The gist of the abnormal: Above-chance medical decision making in the blink of an eye
Very fast extraction of global structural and statistical regularities allows us to access the “gist”—the basic meaning—of real-world images in as little as 20 ms. Gist processing is central to efficient assessment and orienting in complex environments. This ability is probably based on our extensive experience with the regularities of the natural world. If that is so, would experts develop an ability to extract the gist from the artificial stimuli (e.g., medical images) with which they have extensive visual experience? Anecdotally, experts report some ability to categorize images as normal or abnormal before actually finding an abnormality. We tested the reality of this perception in two expert populations: radiologists and cytologists. Observers viewed brief (250- to 2,000-ms) presentations of medical images. The presence of abnormality was randomized across trials. The task was to rate the abnormality of an image on a 0–100 analog scale and then to attempt to localize that abnormality on a subsequent screen showing only the outline of the image. Both groups of experts had above-chance performance for detecting subtle abnormalities at all stimulus durations (cytologists d' ≈ 1.2 and radiologists d' ≈ 1), whereas the nonexpert control groups did not differ from chance (d' ≈ 0.23, d' ≈ 0.25). Furthermore, the experts’ ability to localize these abnormalities was at chance levels, suggesting that categorization was based on a global signal, and not on fortuitous attention to a localized target. It is possible that this global signal could be exploited to improve clinical performance.
KeywordsVisual awareness Human visual perception Visual categorization Expertise
Our visual world is very rich and complex, providing us with more information than our visual system can handle.
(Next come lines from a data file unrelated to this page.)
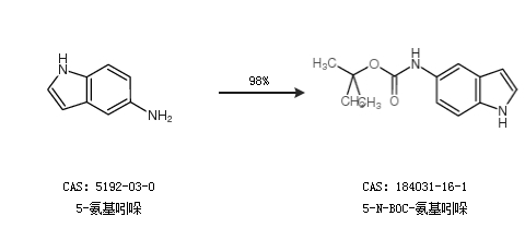 1.通过5-氨基吲哚合成5-N-BOC-氨基吲哚,收率约98%;
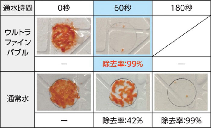 だから、普通の泡とはちがって、水の中にずっと溶け込んでるみたいに長くとどまってくれるのです。
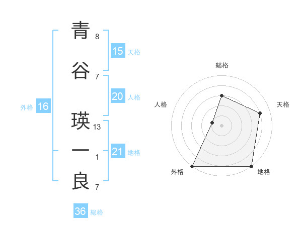 青谷 瑛一良さんの地格は21画の5点!
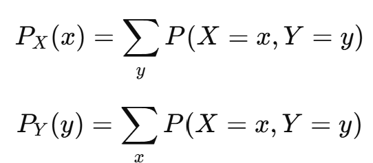 결합 분포에서 다른 변수의 축을 적분/합산하여 제거하면 주변 분포가 된다.
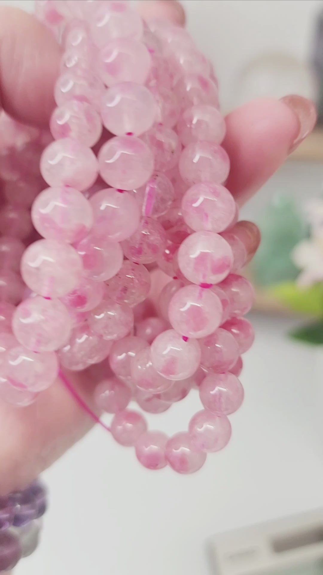 This handmade bracelet features icy rhodonite beads, known for their soft, cooling tones and nurturing energy. Rhodonite is celebrated as a stone of emotional healing, compassion, and self-love, helping to soothe emotional wounds, calm stress, and restore balance to the heart.
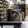 Dans cet atelier règne une atmosphère au décor authentique et brut qui peut surprendre. La plupart du mobilier a été chinée et adaptée à l’espace ; les lourdes portes d’acier aux poignées de laiton proviennent de la Banque de France, les majestueuses grilles de fer de la cour et de la boutique ont été récupérées dans une orangeraie, les lampions à suspension viennent d’un bateau militaire des années 30.
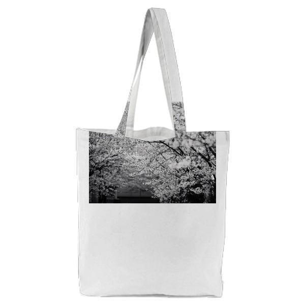 Grayscale Photo Of Trees During Daytime Tote Bag
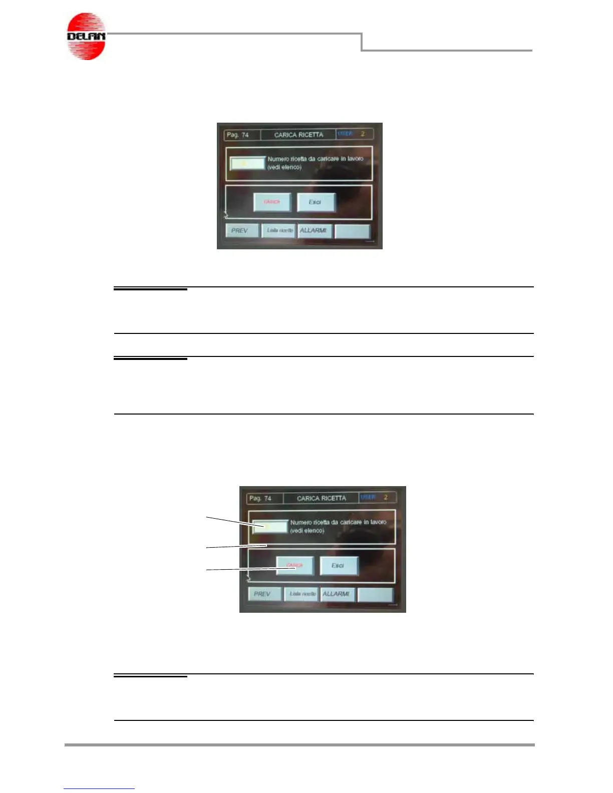 NOTE To have the list of the stored recipes, consult the "List of the recipes" by

Nevertheless, in spite of the limitations of visual processing, we are still able to perceive significant information about a scene after a fraction of a second’s exposure to it. An exposure on the order of 100 ms enables us to assess the general meaning or “gist” of a completely novel scene (Intraub, 1981; Potter & Faulconer, 1975). Likewise, a 20-ms masked exposure is enough to categorize the basic (e.g., lake vs. forest) or superordinate (e.g., natural vs. urban) level of a scene with above-chance accuracy (Greene & Oliva, 2009; Joubert, Rousselet, Fize, & Fabre-Thorpe, 2007). If primed with a category (e.g., animal), observers are above chance at the detection of large objects (Thorpe, Fize, & Marlot, 1996; VanRullen & Thorpe, 2001), even when focused attention is occupied with another foveal task (Li, VanRullen, Koch, & Perona, 2002). In fact, observers are capable of rapidly extracting information about multiple categories, even if they do not know the target category (animal, beach, mountain, etc.) in advance (Evans, Horowitz, & Wolfe, 2011). These abilities appear to be based on the interpretation of global properties and image statistics from our experience with the regularities in the natural world (Evans et al., 2011; Wolfe, Võ, Evans, & Greene, 2011).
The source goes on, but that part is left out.